What the task requires:
Under this line is some data; print exactly the lines from the one containing "Material: Faux Leather" through its last line, without pictures.

BEGIN Data to use

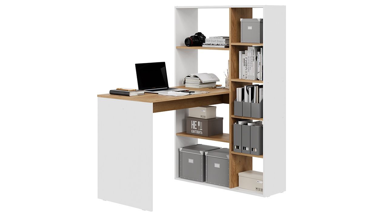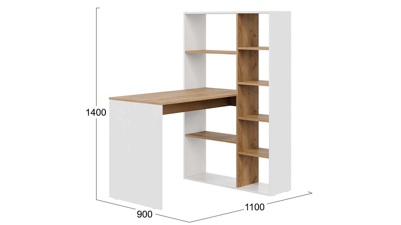 Стол письменный с полками и шкафом Дуб Крафт золотой/Белый Ясень 90х110х140 см - это сочетание функциональности и эстетики.
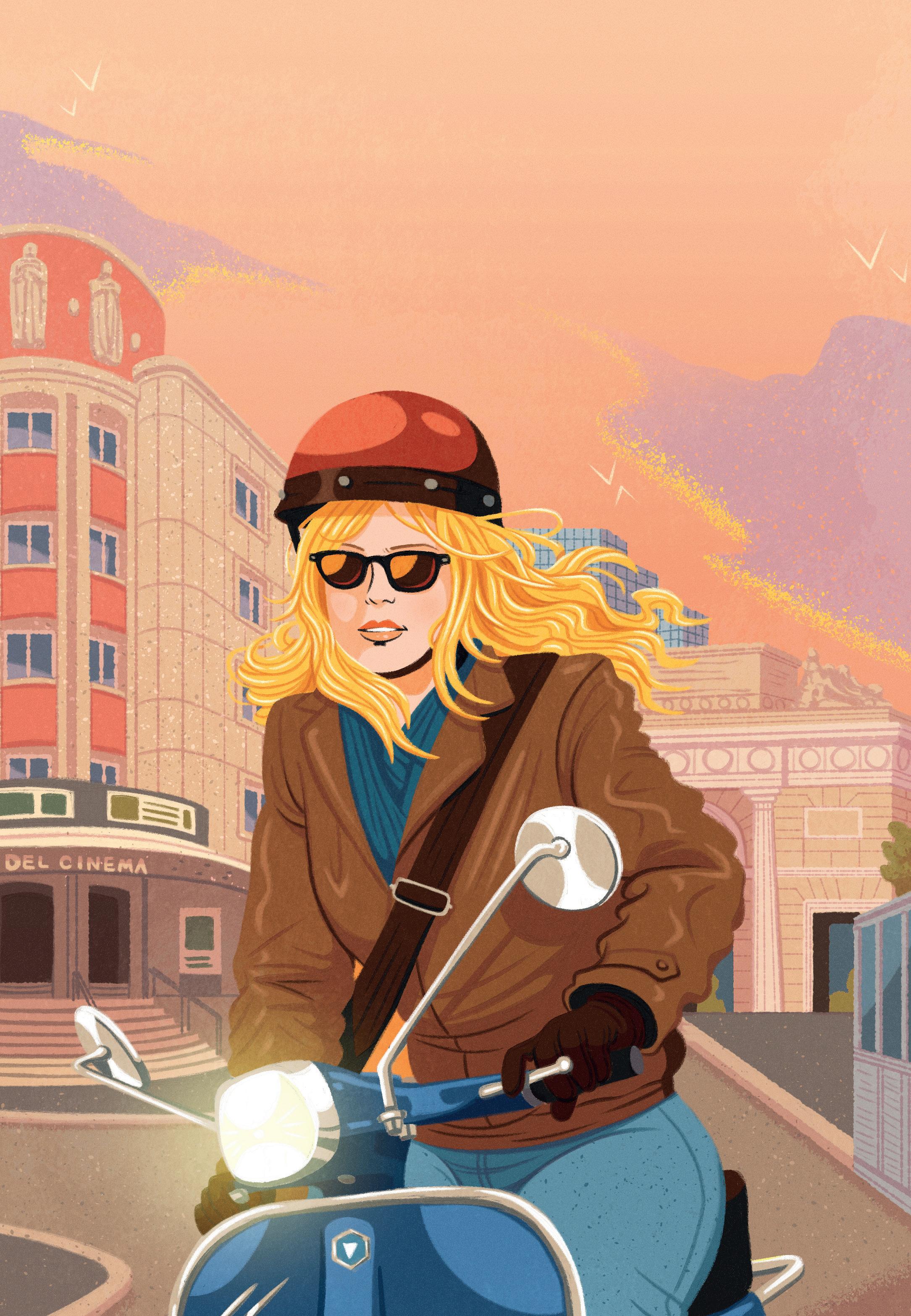 Clarice esce dalla redazione alla fine di una giornata di lavoro, Marco la aspetta fuori, seduto sulla sua Vespa. È come uno scatto fotografico negli occhi di entrambi, l’istantanea di questo tramonto di giugno.
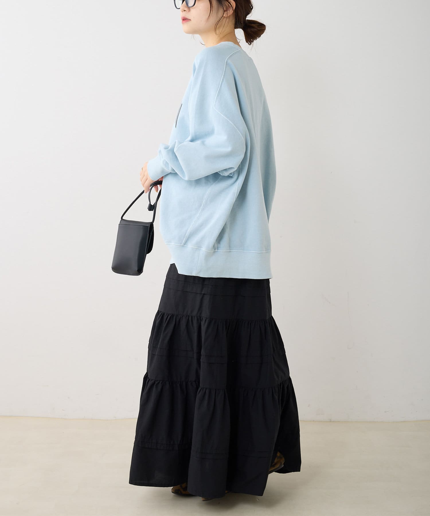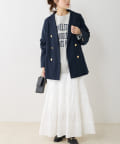 ヒップが隠れる着丈なので、細身のスラックスやナロースカートと合わせるとコーデにメリハリが生まれます。
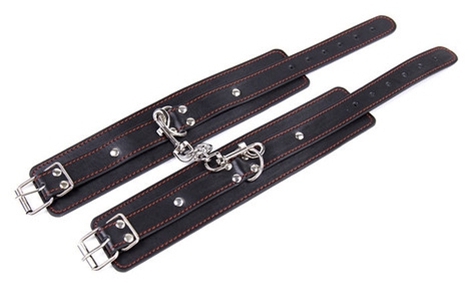 Material: Faux Leather + Metal Color: Black Package: OPP Bag Package included: 1 * Footcuffs 1 * Handcuffs 1 * Blindfold mask 1 * Ball Gag 1 * Paddle 1 * Neck collar 1 * Hogtie Kit
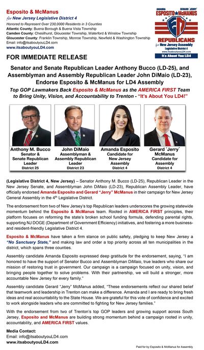 Top GOP Lawmakers Back Esposito & McManus as the AMERICA FIRST Team to Bring Unity, Vision, and Accountability to Trenton - “It’s About You LD4!”

END Data to use

Result for this exercise:
 Material: Faux Leather + Metal Color: Black Package: OPP Bag Package included: 1 * Footcuffs 1 * Handcuffs 1 * Blindfold mask 1 * Ball Gag 1 * Paddle 1 * Neck collar 1 * Hogtie Kit
 Top GOP Lawmakers Back Esposito & McManus as the AMERICA FIRST Team to Bring Unity, Vision, and Accountability to Trenton - “It’s About You LD4!”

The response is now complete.